“Go on, now,” I heard my mom say. “You’re upsetting your sister.”
The light switch flipped off, and I got what I wanted.
Darkness and solitude.
It was better to be alone — especially if I couldn’t be with the person I loved.
* * *
The weeks stretched to months. There was still no word from Mikhail.
I didn’t have to pretend to be sick in bed anymore. I really was sick. Everything hurt and felt wrong. I couldn’t keep food down. I didn’t understand what was happening, except that I was so sad and ill all the time that it felt like my life was ending.
“Sadie, this is becoming too much,” my mom said, her shape just a dark outline against the brightness of the open door as she attempted to get through to me. “I know you’re upset and not feeling well, but we have to draw the line somewhere. Come on. Get up. Let’s get you outside for a walk. Some fresh air would help your stomach.”
Moving would upset my stomach. The light upset my stomach. Everything was bad.

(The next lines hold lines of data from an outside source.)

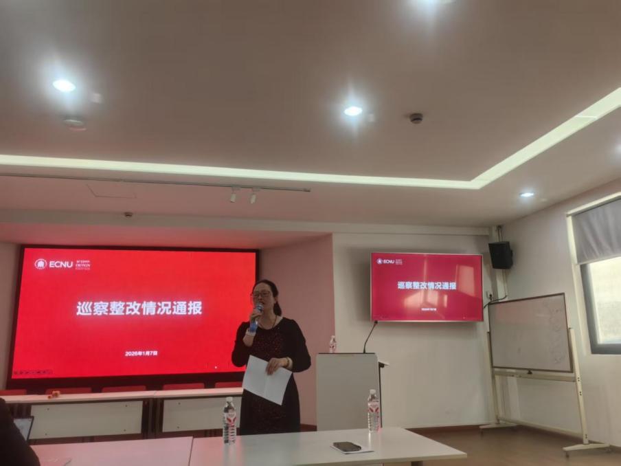 俞世恩书记专题通报巡察整改工作情况,详细说明巡察反馈问题的整改举措、当前完成进度,并介绍了长效机制建设推进情况,彰显了学院党委从严从实抓好整改、持续提升治理效能的坚定决心。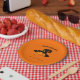 Dieser niedliche Jack-o-Laternen Kürbis in eine Hexe, die auf diesen Halloween Party-Tellern vorgestellt wird.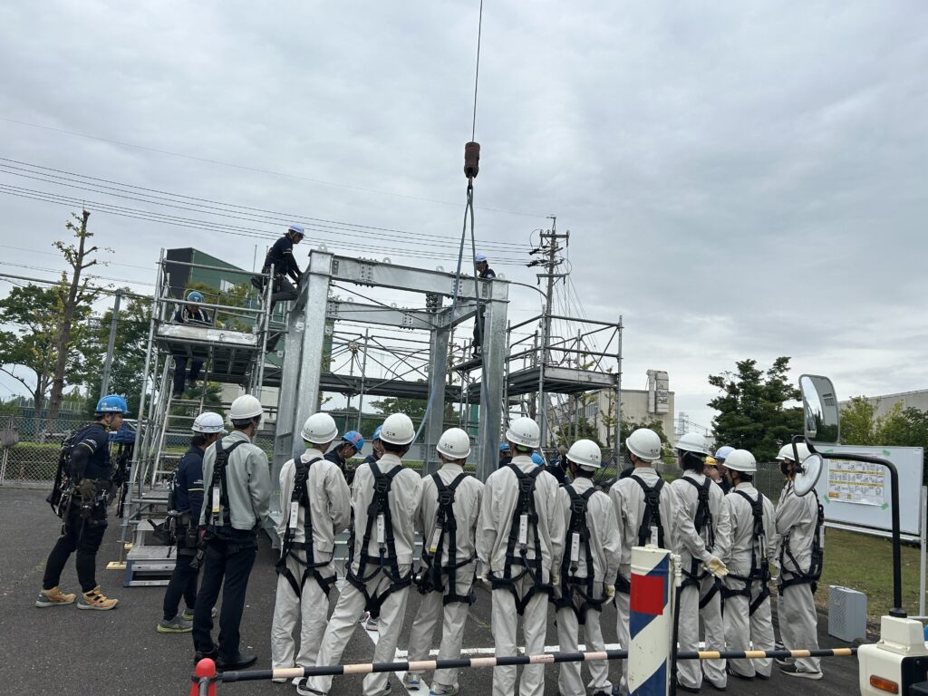 学生さんたちも真剣な眼差し!玉掛による鉄骨組立てのデモンストレーション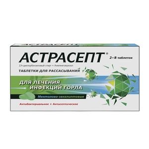 Астрасепт это комбинированный противомикробный препарат для лечения болезней горла. Обладает антисептическим действием, рекомендован для взрослых и детей старше 5 лет. Активен в отношении грамположительных и грамотрицательных микроорганизмов.Таблетки для рассасывания обычные: круглые двояковыпуклые таблетки вишнево-красного цвета.Таблетки для рассасывания лимонные: круглые двояковыпуклые таблетки желтого цвета.Таблетки для рассасывания апельсиновые: круглые двояковыпуклые таблетки оранжевого цвета.Таблетки для рассасывания имбирно-лимонные: круглые двояковыпуклые таблетки оранжевого цвета с коричневатым оттенком.Таблетки для рассасывания медово-лимонные: круглые двояковыпуклые таблетки от светло-желтого до желто-коричневого цвета.Таблетки для рассасывания ментолово-эвкалиптовые: круглые двояковыпуклые таблетки зеленого цвета.Допускается неравномерность окрашивания, наличие пузырьков воздуха в карамельной массе и незначительная неровность краев.

“When was the last time you even ate?”
Food? Just the thought of it roiled my stomach, and I gagged weakly.
“Sadie!” My mom rushed toward me. “What in the world is wrong?”
Jonathan was by my side in an instant too. I didn’t even know that he was home. “What’s happening?” he demanded.
“Sadie, say something!” my mom urged.
“I don’t feel good,” I croaked, and my stomach tried to heave again.
“She needs to go to the hospital,” my mom said. “Jon, can you lift her?”
I was already in his arms. “She doesn’t weigh anything,” he said, punctuating the statement with a curse as he strode out the door. I tried to hang on around his neck, but I was just too weak. All I could do was clutch the front of his shirt. “Are you sure about the emergency room, Mom? What if we go to the clinic instead?”
I hadn’t seen my mom run in years. Not since we were kids. But there she was, dashing out in front of us to start the car, which sputtered on almost miraculously at the first try.
“Hospital’s closer,” she said. “And I don’t like the looks of her. She’s gray. Come on. Get in.”
Jonathan didn’t bother sitting me in my own seat. He just folded the two of us together into the front seat and closed the door behind us, me on his lap. The car lurched forward and I hid my face against his chest. The motion, like everything else, sickened me.
“Puke on me and you’re dead — I don’t care what’s wrong with you,” he muttered, but it was less of a warning and more a worried joke than anything. I couldn’t remember the last time the two of us had been so close. Probably when we were both inside my mom at the same time. Once we’d been born, it was like we tried to carve out our own space in the world by pushing each other away.
I must’ve drifted off on the drive, because when I next opened my eyes, I was lying down in a gurney, a nurse peering down at me while eviscerating my pajamas with a pair of scissors.
“Wait,” I croaked. “Wait.”
“It’s okay,” the nurse said, shushing me. “You’re okay.”
“My pajamas,” I complained, but there was nothing I could do. They cut the clothes off of me with frightening efficiency, like sheering a sheep of its wool. I was in a hospital gown before I could track what was happening. They were either that fast, or I was that out of it.
I closed my eyes, shying away from the needle as the nurse inserted an IV. “She’s dehydrated,” someone said. “We’re going to need to do some tests.”
“I don’t like the look of that distending,” someone else added, pressing my belly, and that’s all I could keep track of, slipping back into blissful nothingness.
* * *
I blinked awake, my mom clutching my hand, as the curtain swooshed open on its rod. Oh, no. How long had I been asleep? Was I really in the ER? This was going to cost a fortune.
My brother stopped in the middle of his pacing to stare down the doctor who had entered. “Well? Anything yet? Or are there another dozen tests you’re going to order before we have answers?”